Lobbying blow to US democracy
By JAMAL KANJ
Thursday, January
10, 2013
http://www.gulf-daily-news.com/NewsDetails.aspx?storyid=345310
THE undue influence of single issue interest groups is
bankrupting the essence of American democracy.
In the current debate over Chuck Hagel's pick to head the
Pentagon, it is becoming self-evident that political appointments in US
administrations must first pass Israel's litmus test.
In 2009 Barack Obama was forced to rescind the nomination of
Charles Freeman to lead the National Intelligence Council.
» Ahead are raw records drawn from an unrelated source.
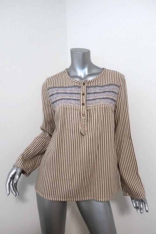 Current/Elliott Retreat Henley Top Yellow/Gray Embroidered Striped Cotton Size 1 Measurements
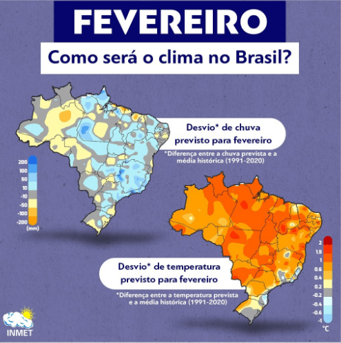 Foi divulgado nesta terça-feira (30, pelo Instituto Nacional de Meteorologia (Inmet), a previsão meteorológica par ao mês de fevereiro. Na segunda-feira (29), o órgão já havia divulgado a previsão para as próximas duas semanas.
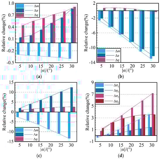 where Cp and Tt respectively represent the specific heat ratio of the gas at constant pressure and the total temperature, Lu represents the rim work, and U and Wu respectively represent the circumferential components of the absolute and relative velocities. Equation (7) reveals that the elemental stage pressure ratio is essentially determined by both the twist speed of the airflow (∆Wu) and the efficiency (η) of the elemental stage. In combination with the velocity triangle analysis discussed earlier, it can be inferred that the closure of the CDFS VIGV leads to an overall reduction in blade height twist velocity, therefore causing a decline in the CDFS rotor’s pressure ratio.
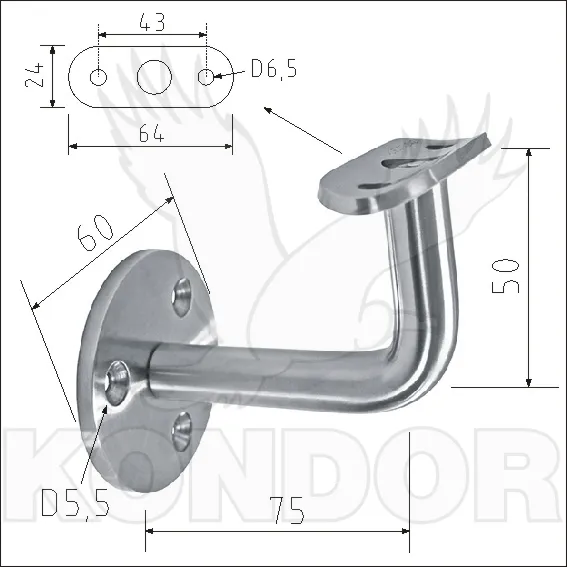 Nerezový držák madla o průměru 42,4 mm pro upevnění na stěnu. Průměr příruby 60 mm se třemi otvory. Materiál AISI 304 v povrchové úpravě brus K320.
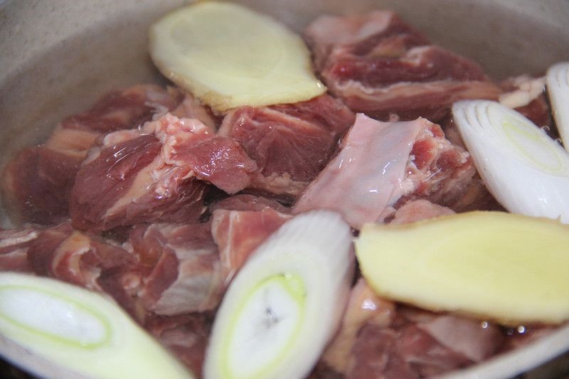 牛肉切段加葱姜料酒下入清水焯水5分钟捞出
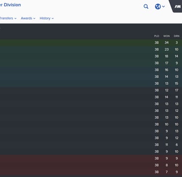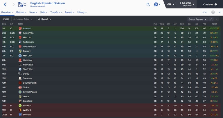 This is my standing in the English Premier Division after using the formation for an entire season. Champions with one loss and a goal difference of 109.
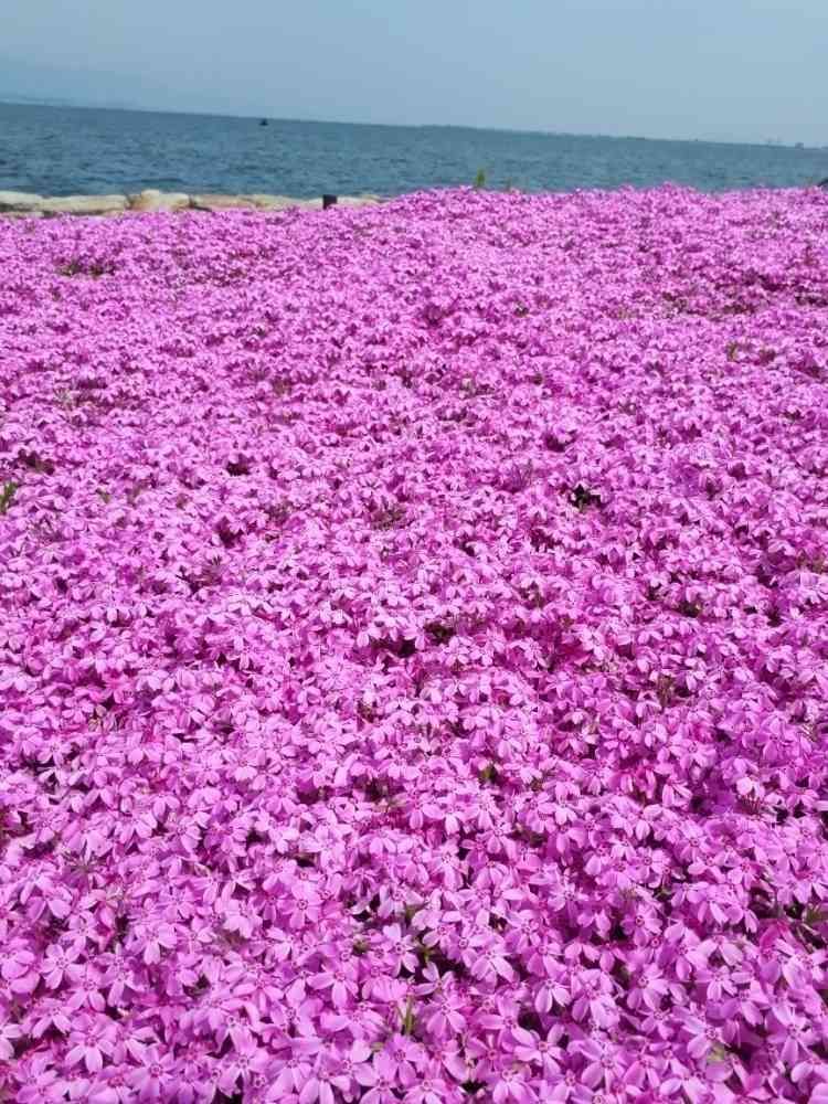 シバザクラが、湖岸沿いの歩道を彩っていて、とても良い臭いがしていました😊
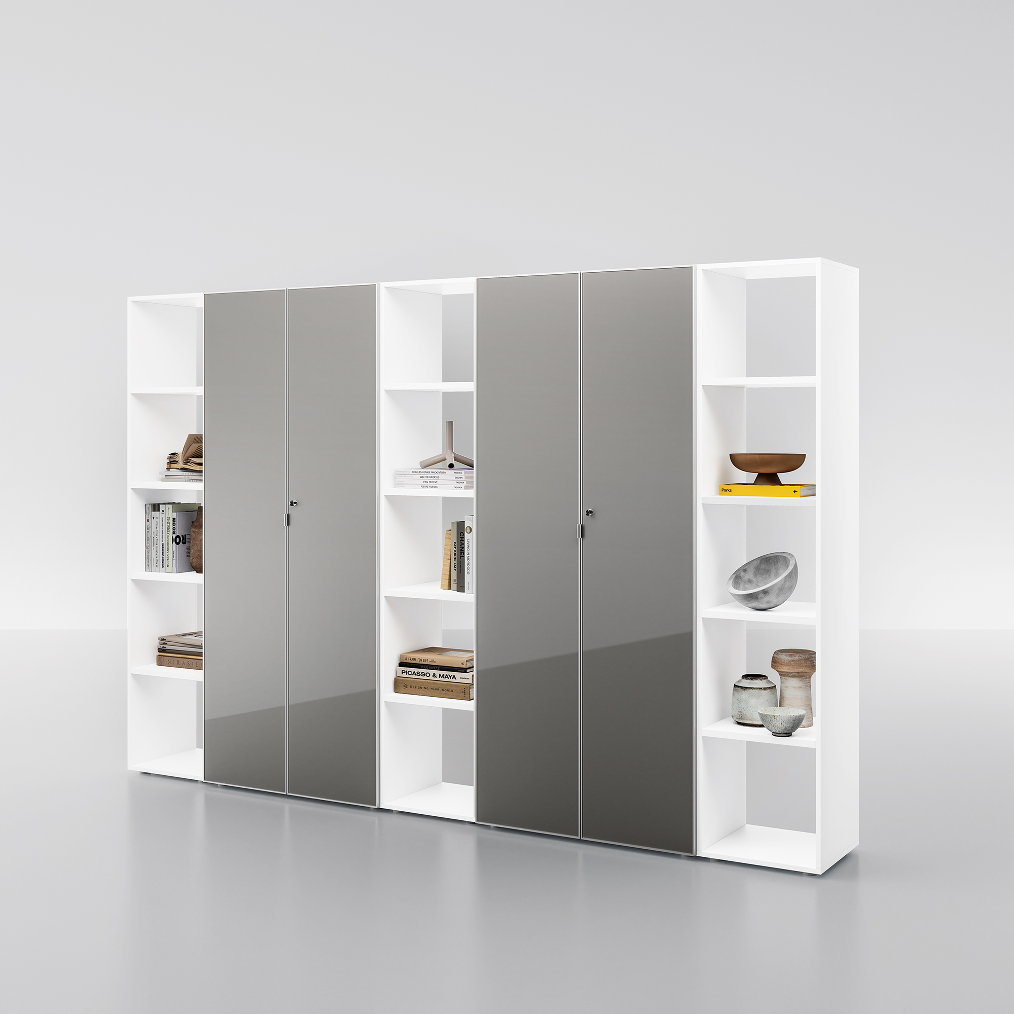 Elegante e versatile, la libreria in legno si caratterizza per la sua modularità che offre vani chiusi con schienale, ante ed elementi a giorno, consentendo uno sviluppo longitudinale potenzialmente senza limiti. Ampia la selezione di finiture per le ante.

The Zionist lobby's "thought police" was not happy
with Freeman's score card on Israel.
Freeman blamed "... unscrupulous people with a
passionate attachment to... a political faction in a foreign country (Israel)"
for withdrawing his name from consideration.
While patriot Americans are harangued for their less than
slavish submission to the Israeli lobby, citizens with "passionate
attachment" to a foreign country have been able to serve unchecked in US
administrations.
Obama's first Chief of Staff Ram Emanuel was a Zionist and
proud son of a former member of the Irgun Jewish terrorist organisation. He
volunteered to serve in the Israel army during 1991 Gulf War.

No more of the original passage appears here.